A hosted MCP server with tools that touch the outside world is just an API with a different schema. Treat it like one.

Authenticate the request. The MCP spec supports OAuth 2.1 with PKCE for hosted servers. For internal services, a bearer token or mTLS is fine. Don't ship a public /mcp with no auth.
Authorize per tool, scoped to the user. Resolve the calling identity at the start of handleRequest; pass it into every tool.execute via closure. The tool's scope is the user's scope, never a service account.
Validate every input with zod. Models invent fields, send strings where numbers go, miss requireds. The schema is your contract.
Rate limit by user, not by IP. One user with a runaway agent should not exhaust the whole server's budget.
Allow-list tools per client where useful. If your "company search" MCP is consumed by both internal and customer-facing agents, expose only the safe subset to the latter.

Auth shape (sketch)

app.post('/mcp', async (req, res) => {
  const user = await authenticate(req); // throws 401 on failure
  if (!user) return res.status(401).end();

  const server = buildFor(user); // tools close over user.id, user.scope
  const transport = new StreamableHTTPServerTransport({ sessionIdGenerator: undefined });
  res.on('close', () => { transport.close(); server.close(); });
  await server.connect(transport);
  await transport.handleRequest(req, res, req.body);
});

CH 06

Ops: deploying it.

Concern	What to do
Runtime	Node 20+ container, Bun, or Cloudflare Workers (use the Web Standards transport variant).
Health checks	Expose `GET /healthz` separately; `/mcp` is POST-only.
TLS	Terminate at your reverse proxy (Caddy, nginx, your platform). Never run plain HTTP in production.
Logs	Log per-tool latency, error rate, and authenticated user ID — not the tool inputs (likely sensitive).
Tracing	OpenTelemetry GenAI semantic conventions (`gen_ai.*`) for compatibility with LLM-observability tools.
Versioning	Tool name is part of your public API. Additive changes are safe; renames and removals are breaking.
Distribution	Publish stdio servers as npm packages (`npx -y your-server`). Hosted servers: stable URL + auth docs.

PITFALLS

Pitfalls.

Stateful by default

The session machinery is the part most likely to break in production. Start stateless. Add sessions only when you have a feature that genuinely needs them — resumability across reconnects, server-pushed notifications. Most MCPs never do.

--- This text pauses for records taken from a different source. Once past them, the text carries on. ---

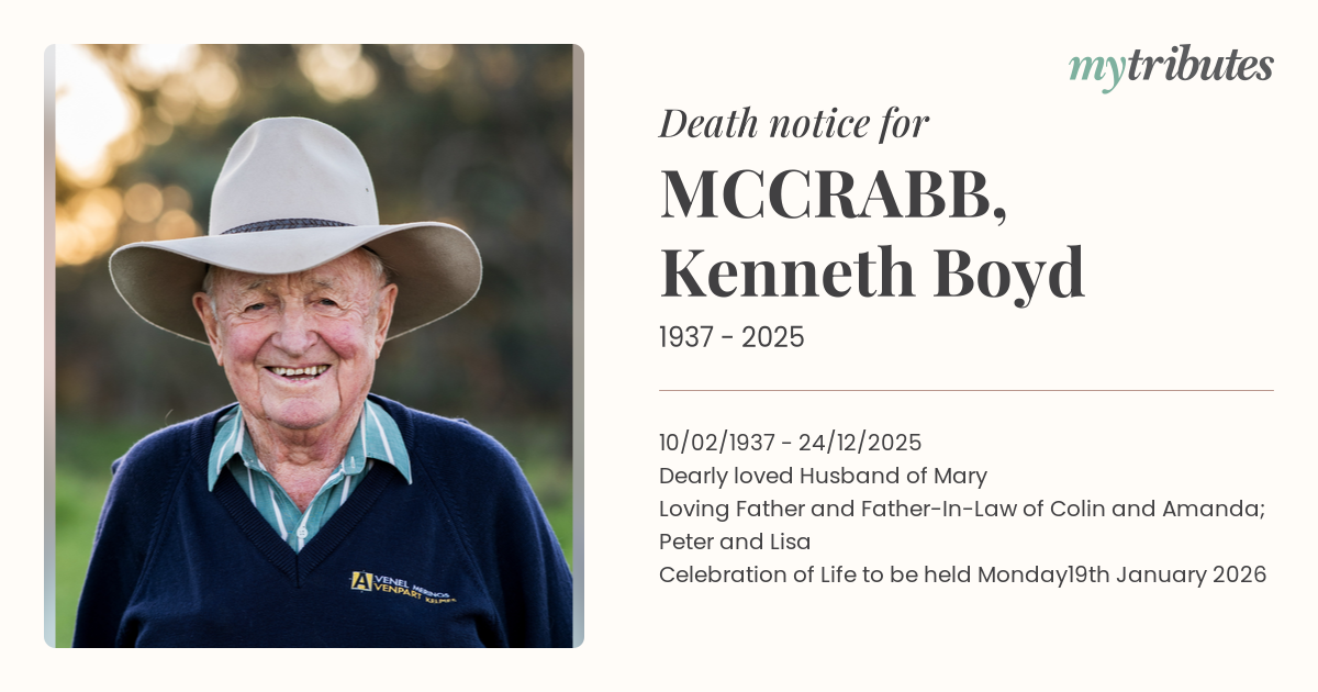 Celebration of Life to be held Monday19th January 2026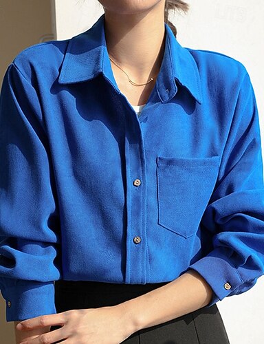 Mulheres Camisa Social Bolsos Botões Côr Sólida Tecido Vintage Diário à moda Manga Longa Colarinho de Camisa Tops regulares Diário Para Noite Azul Branco Vermelho Azul Real Verde Outono Inverno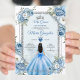 Convite Mis Quince Blue Floral Silver Crown Quinceañera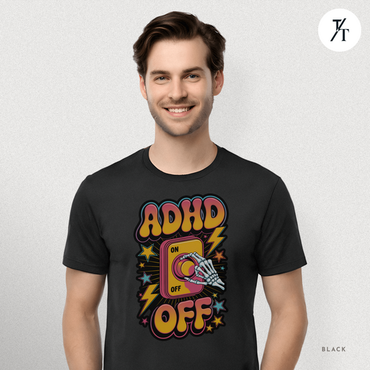 ADHD Off Shirt | Funny Skeleton Focus Switch Tee, Humorous Skeleton Art t-shirt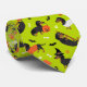 Dachês bonitos em trajes de bruxa e trick-or-tratando com patas, morcegos e ossos de cachorro em fundo verde-claro.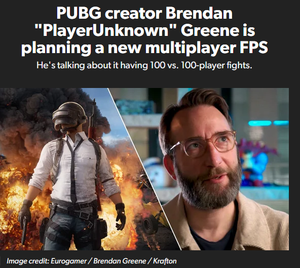 吃鸡神作《绝地求生》生父、Brendan Greene日前接受媒体采访,透露了自己的近期计划,表示正计划打造100VS100大规模FPS新游。
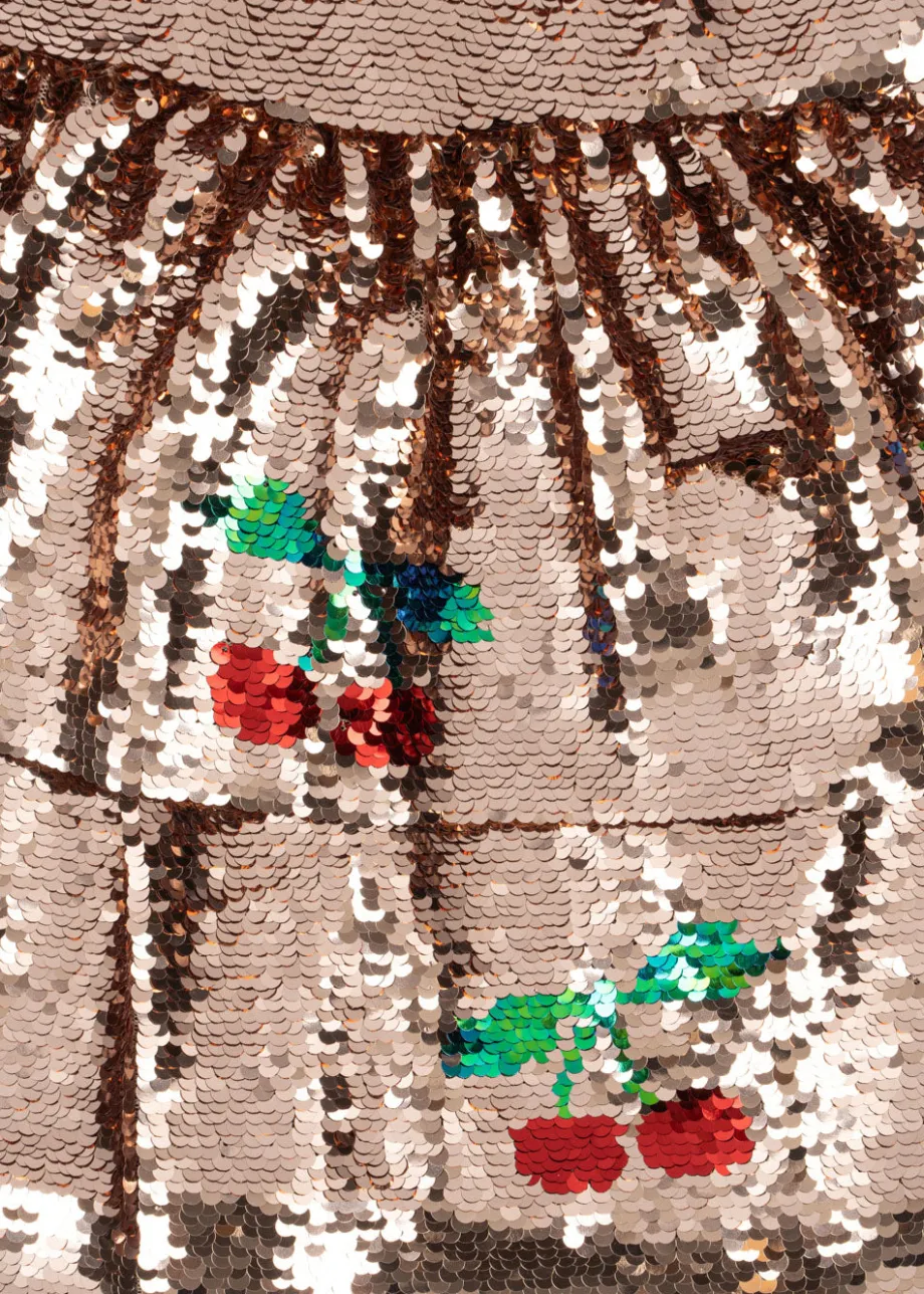 Lulu er en glitrende pailletkjole med bløde lag. Kjole i 100 % polyester med pailletter og 100 % bomuldsfor.

One giant tool that takes a JSON blob

Models reason better about three well-named tools than one tool with a 20-field input. Split doEverything into listX, getX, createX. Smaller tools, sharper descriptions, fewer hallucinations.

Putting raw tool output in the model's context

Tool output is untrusted text that flows back to the model. Sanitize, structure as JSON, never paste raw scraped HTML — an attacker who controls the source controls your model. (See the security guide for the long version.)

No description, or a one-word description

The description is how the model decides whether to call your tool. "Returns the company's internal documentation matching q; use this before answering questions about policies, runbooks, or product internals" picks up calls; "search" does not.